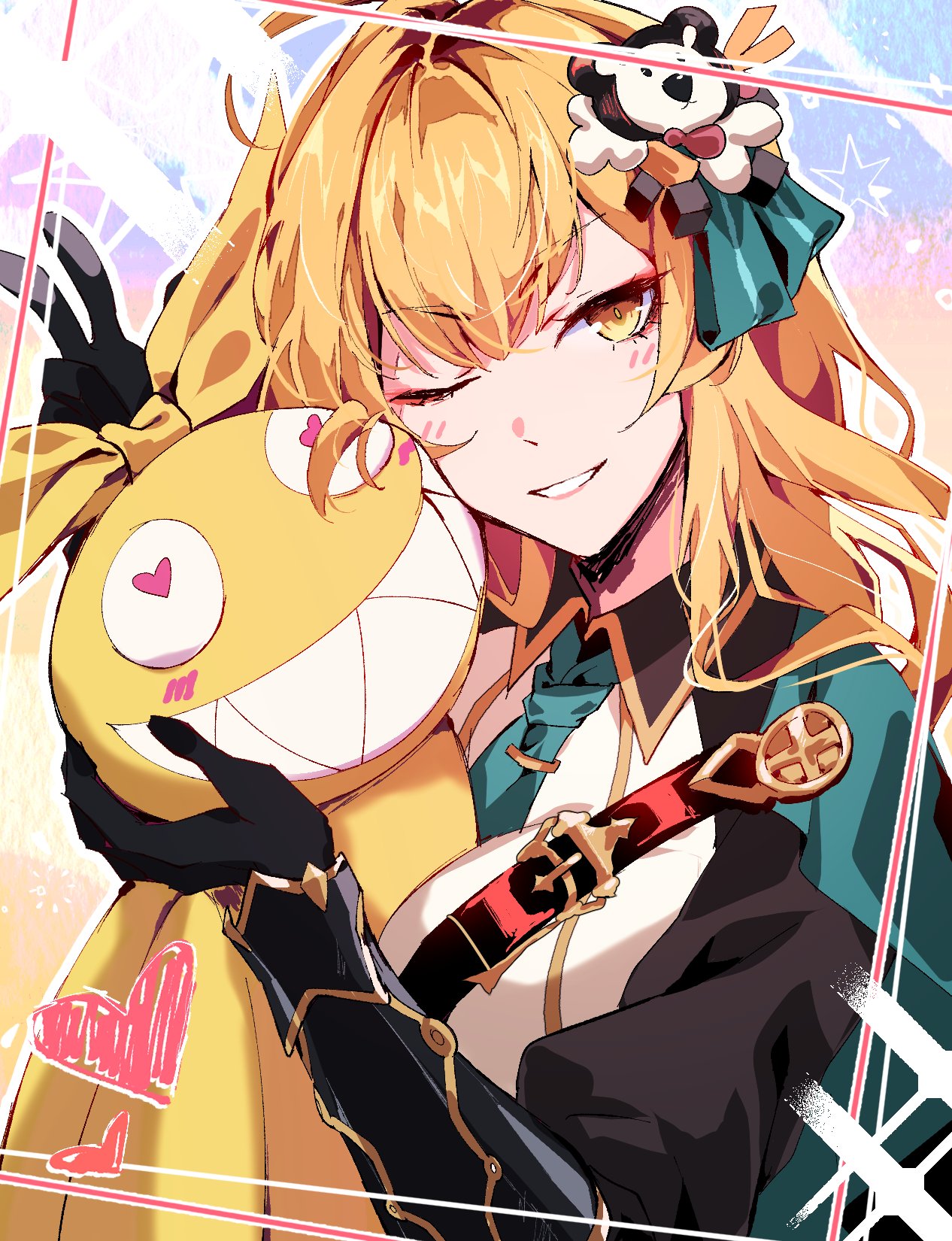1girl :d aer007580 ahoge black_gloves black_jacket blonde_hair bow cape doll gloves green_cape grin hair_bow hair_ornament highres homu_(honkai_impact) honkai_(series) honkai_impact_3rd jacket long_hair long_sleeves looking_at_viewer one_eye_closed open_mouth smile solo susannah_manatt susannah_manatt_(immortal_blades_uniform) susannah_manatt_(valkyrie_quicksand) teeth v yellow_eyes
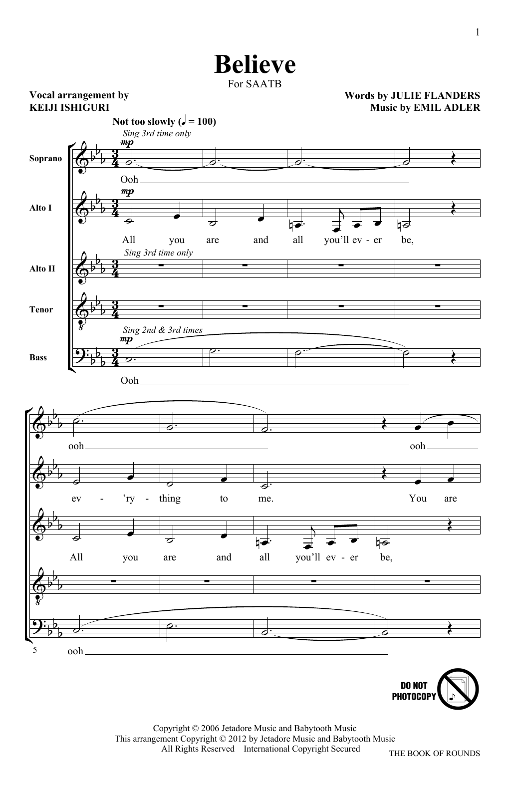 Download or print Keiji Ishiguri Believe sheet music, chords and digital score arranged for SATB Choir. This Warm-up score includes 7 page(s).
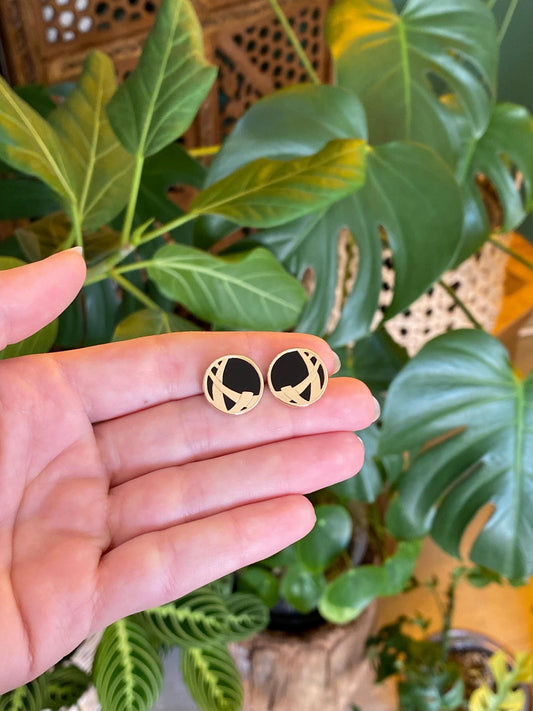 Vintage Solid 14k Yellow Gold Onyx Stud Earrings
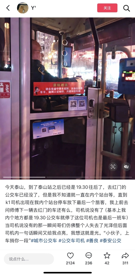 近日,泰安公交1路駕駛員律發(fā)彬的暖心事跡在網(wǎng)絡(luò)上引發(fā)熱烈反響,眾多網(wǎng)友紛紛點(diǎn)贊留言,稱贊“泰安太暖心了!”。這一切源于3月25日晚一場(chǎng)觸動(dòng)人心的美好相遇。

__________________________________________________

Transcribe the lines that run from the line bearing "Vintage Solid 14k" through the last line of the data. Keep the wording exact and leave out every picture.

Answer area:
 Vintage Solid 14k Yellow Gold Onyx Stud Earrings
 近日,泰安公交1路駕駛員律發(fā)彬的暖心事跡在網(wǎng)絡(luò)上引發(fā)熱烈反響,眾多網(wǎng)友紛紛點(diǎn)贊留言,稱贊“泰安太暖心了!”。這一切源于3月25日晚一場(chǎng)觸動(dòng)人心的美好相遇。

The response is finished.